Great article. Really touching. And I’m glad to have the follow up from their story. I remember them from Ryan’s conference session.
I’d also like to point out a great resource on this topic. Melissa Cole has written an article for the latest issue of Clinical Lactation on Lactation after Loss. It is available for free online. Here is the link. http://www.clinicallactation.org/article.php?id=78&journal_id=14
It’s no secret how very much pride, love and honor we have for Amy, Bryan, Brody and our angel grandbabies. Years ago when my husband and I had Amy, we prayed for the best and knew she would accomplish lots. Well, my daughter has grown into an awesome young woman. Through love and laughter, tears and fears, prayers and faith we now know she will make her mark on the world. She amazes me and just in case it wasn’t clear….I am Susan and I am Amy’s very proud mother.
Words cannot describe how very proud I am of my sister in law Amy, and brother Bryan. In the face of loss and grief they decided to open up their hearts and lives to help others around them. When the gift of life was taken, they gave life back with Amy’s precious gift of milk. Instead of closing their hearts to keep them safe from more hurt, they opened their hearts wide to all around them. Advocating for those who’s voices cannot be heard and fighting for the ones who cannot fight for themselves. It’s amazing to see how one families choice to use tragedy as an opportunity can affect the world around us. Jenny
Thank you Jenny & Susan for your amazing support also of Amy, Bryan and Brody, we are truly touched by the strength of your family.

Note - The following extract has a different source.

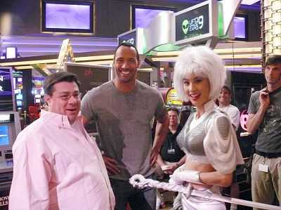 導演安迪·菲克曼、男主角巨石·強森和“外星公主”黃圣依

I am so touched by this story to know there are such loving, generous people in the world that putting their own sorrow aside to help other mother’s who for one reason or another can’t give their babies the milk they need to start their sweet lives with…I commend Amy & Bryan for making this selfless choice…much love & admiration to you both Sandy Gagnon
I met this family through a fluke that I am sure was guided by a hand stronger and higher than mine. In helping them on the road to donating milk in working through their grief, they gave me so much more than I ever could have given them. They are an amazing family, all of them including Grandma Susan, and being accepted as a part of their family through this experience is one of the true joys of my life. If you have not seen the video, you must watch it. Ryan’s team caught the experience so beautifully. Be forewarned–a box of tissues is a necessity. No matter how many times I have seen it, I need them still! God bless this family and their strength, and their desire to continue to do good for others who find themselves in similar circumstances.

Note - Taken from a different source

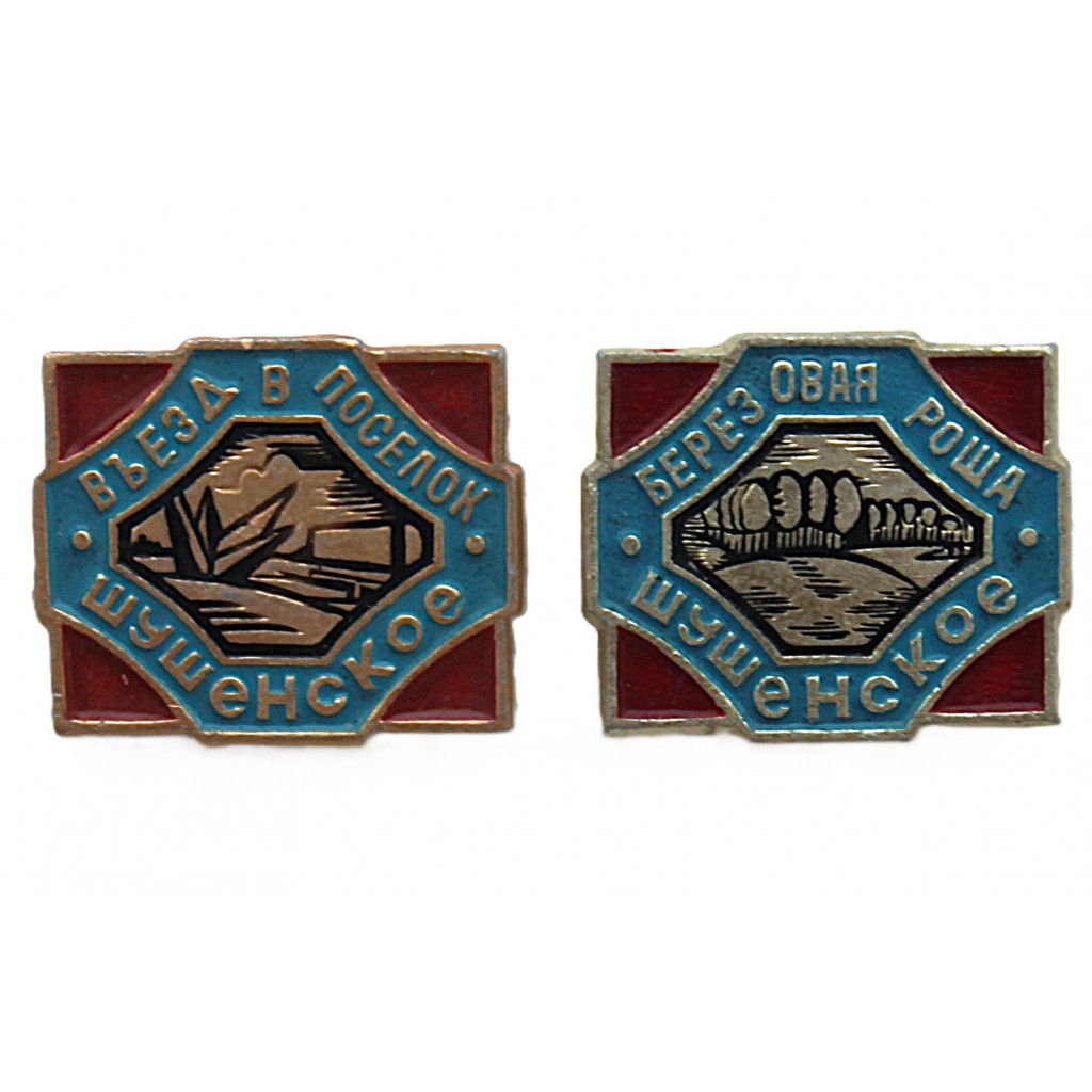 СССР пара нагрудных знаков "Шушенское". Въезд в поселок. Березовая роща (Красноярский край)

Thank you for sharing about Bryson’s Legacy. Discussing postpartum healing and lactation issues after loss is not spoken about enough and the collective sharing of experiences and wisdom benefits families and providers alike. I appreciate Kathy mentioning my article in Clinical Lactation found here: http://www.clinicallactation.org/article.php?id=78&journal_id=14
In my work with bereaved families I have found the process of milk donation to be very comforting to many. In addition, care providers are often unaware of how to best support mother’s through lactation concerns after loss. I hope awareness continues to grow so that we can all help families through the painful aftermath of loss to the best of our ability.
It’s great. Ethically kinship develops through breast feeds like blood related. So, the lineages must be tracked and known to doner and fed infants; infants feeding on same mother milk become siblings.